Mr. Krabs: Come on, fresh meat! [SpongeBob and Squidward scream as they try to wiggle back and forth to avoid the giant clam] Keep thrashing! He likes it! [both continue to scream and bounce up and down really fast] Come on, boy! Closer. Closer. Almost there. [a giant clam shows the dollar on its tongue] That's it! [closes the doors to cause the music to stop. The giant clam stops in mid-air and Mr. Krabs jumps inside it to take the dollar] Aha! Whoo-hoo-hoo-hoo! Look, boys, I finally got it! [rubs his dollar on himself] I finally got me millionth dollar! [the cabin doors open to play the ominous music again. The giant clam closes its mouth, with Mr. Krabs inside, and dives into the lagoon. The cabin doors close as the conductor takes a bow]

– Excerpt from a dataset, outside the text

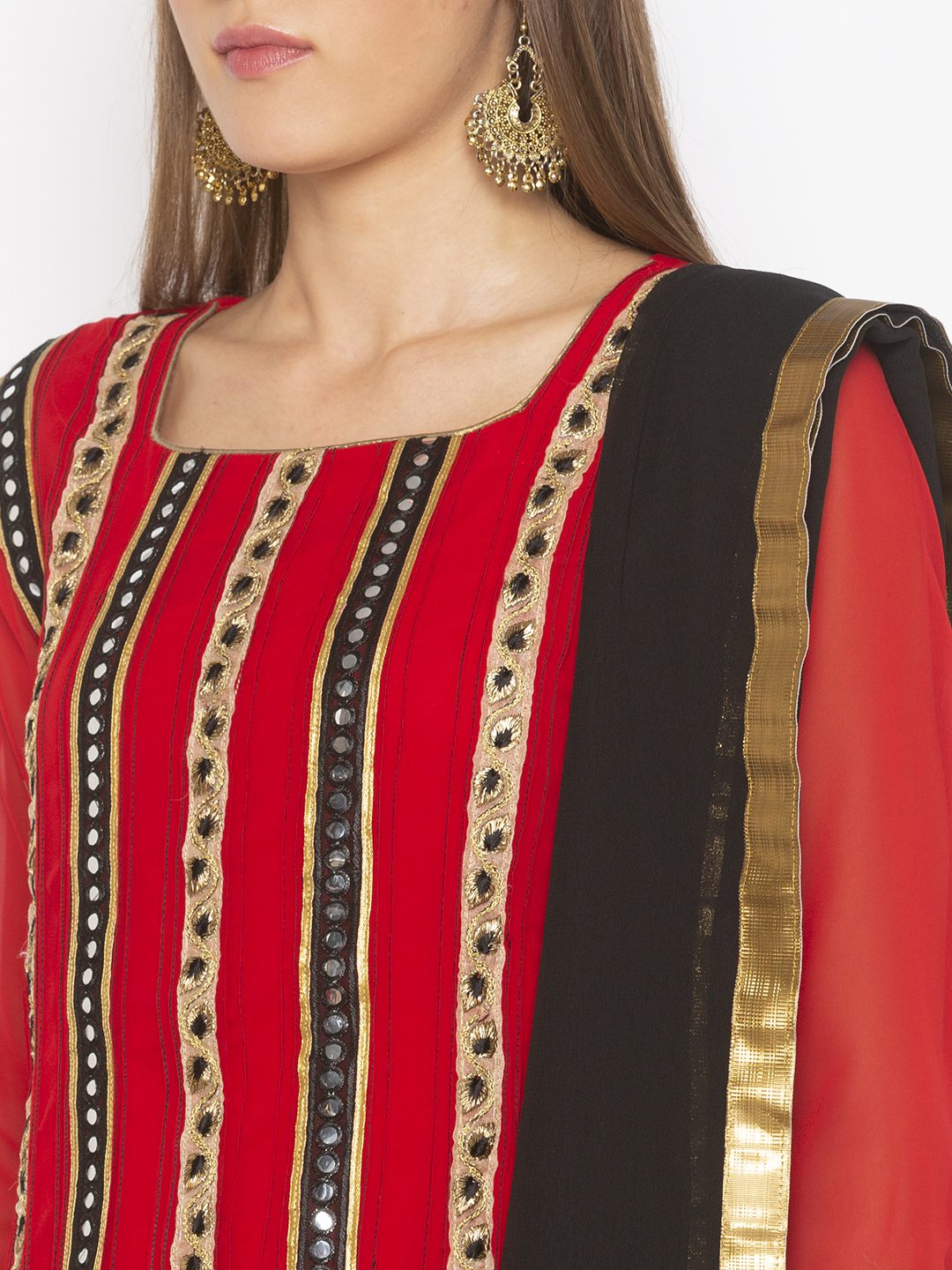 Nikhaar Creations Red Embroidered Georgette Sharara Kurta Dupatta Set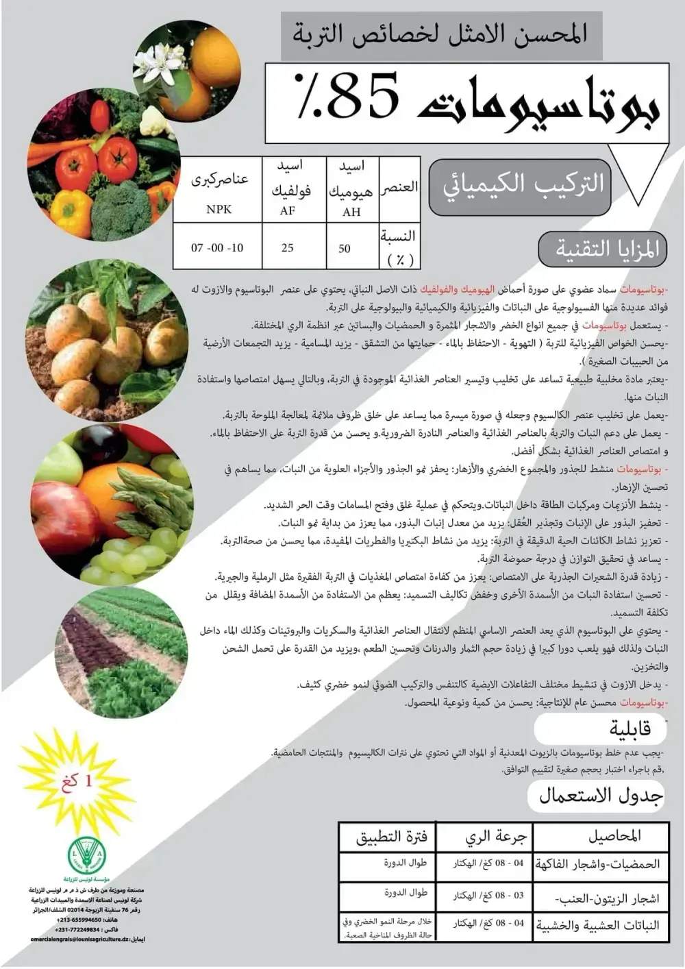 بوتاسيومات سماد عضوي يجمع بين أحماض الهيوميك والفولفيك مع البوتاسيوم والآزوت لتحسين الخصائص الفيزيائية والكيميائية والبيولوجية للتربة.

SpongeBob: Oh, poor Mr. Krabs. Gone forever out of our lives. [A tear falls down his cheek] Why couldn't it have been me?!
Squidward: Yes, why couldn't it have been you?! [sobbing]
SpongeBob: Why did he have to go like this, why?! [crying]
Squidward: Why did he have to go like this and leave me tied to this idiot?! [both sob loudly]
Mr. Krabs: Hello, boys! [SpongeBob and Squidward stop sobbing]
SpongeBob and Squidward: Mr. Krabs? [Mr. Krabs' head is above the lagoon]
Mr. Krabs: Have you boys met... [holds his millionth dollar up] ...me millionth dollar? [laughs]
SpongeBob: Wow, how did you get it back?
Mr. Krabs: It wasn't easy. Old Blue Lips is quite the fighter, so, eventually, we settled on a trade.
SpongeBob: What did you give him? [Mr. Krabs jumps back up on the boat, revealing himself as only having a head and left arm]
Mr. Krabs: Nothing important. [laughs. SpongeBob and Squidward look shocked.]